Em 12 de dezembro a Igreja celebra, na América Latina, a festa de Nossa Senhora de Guadalupe. A Mãe de Deus apareceu no cerro de Tepeyac (atualmente encravado na cidade de México) ao índio João Diego, recentemente canonizado, e deixou como penhor do seu amor pelo Novo Continente o milagre que até hoje é admirado no Santuário de Guadalupe: a bela figura da Santíssima Virgem estampada no manto do vidente. Ao considerar as maravilhas e prodígios envoltos nessa aparição, Dr. Plinio deita confiante olhar no glorioso futuro que a Providência reserva ao povo latino-americano.
No século XVI, Nossa Senhora apareceu em Tepeyac, no México, ao índio João Diego.
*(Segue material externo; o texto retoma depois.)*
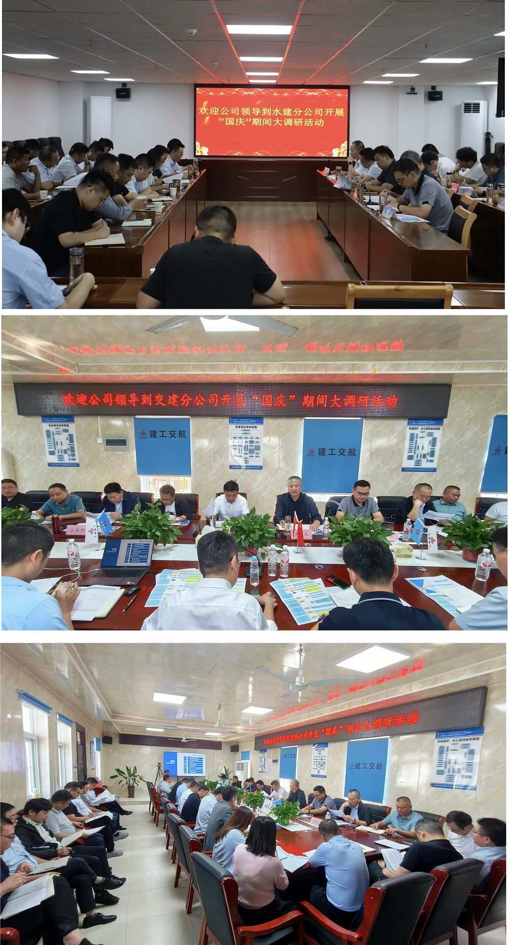 李登祥一行先后赴水建分公司、城建分公司、交建分公司及所屬重點項目,深入現(xiàn)場查看項目生產(chǎn)情況、現(xiàn)場重點區(qū)域假期安全保障工作,了解項目節(jié)假日期間應(yīng)急值守等工作安排,會議聽取分公司及項目負責(zé)人關(guān)于分公司發(fā)展規(guī)劃、市場經(jīng)營、項目建設(shè)、安全生產(chǎn)、人才培養(yǎng)等方面匯報,和與會人員進行深入交流討論。

A Virgem o tratou com bondade e ternura especiais, como não se percebe em outras aparições d’Ela, mesmo nas de Fátima onde Maria Santíssima entretanto se manifesta tão solícita e misericordiosa.
A “menina dos olhos” de Nossa Senhora
A liberdade desse indígena para com a Mãe de Deus era tão grande que, em vez de chamá-la, por exemplo, “minha Rainha”, dizia-Lhe “minha Filhinha”. Hábito realmente contrário ao protocolo, mas aceito com tanta benevolência por Nossa Senhora que, séculos depois, a partir dos avanços da tecnologia, constatar-se-ia numa fotografia da imagem que a figura do índio se acha impressa na pupila dos olhos da Virgem. O objeto daquele singular carinho de Maria estava assim imortalizado.
Como se sabe, em português, quando se diz de alguém ser “a menina dos meus olhos”, significa estar ele no ponto mais sensível e central de minha atenção e consideração, de meu afeto. Ora, esse simbolismo realizou-se, ao pé da letra, na visão de Nossa Senhora de Guadalupe.
As aparições de Nossa Senhora de Guadalupe
Em 9 de dezembro de 1531, João Diego estava nos arredores da colina Tepeyac, perto da atual Cidade do México, quando, de súbito, ouviu uma música suave e melodiosa que, pouco a pouco, foi se extinguindo. Nesse momento escutou uma lindíssima voz que, no seu idioma nativo, o chamava pelo nome. Era Nossa Senhora de Guadalupe.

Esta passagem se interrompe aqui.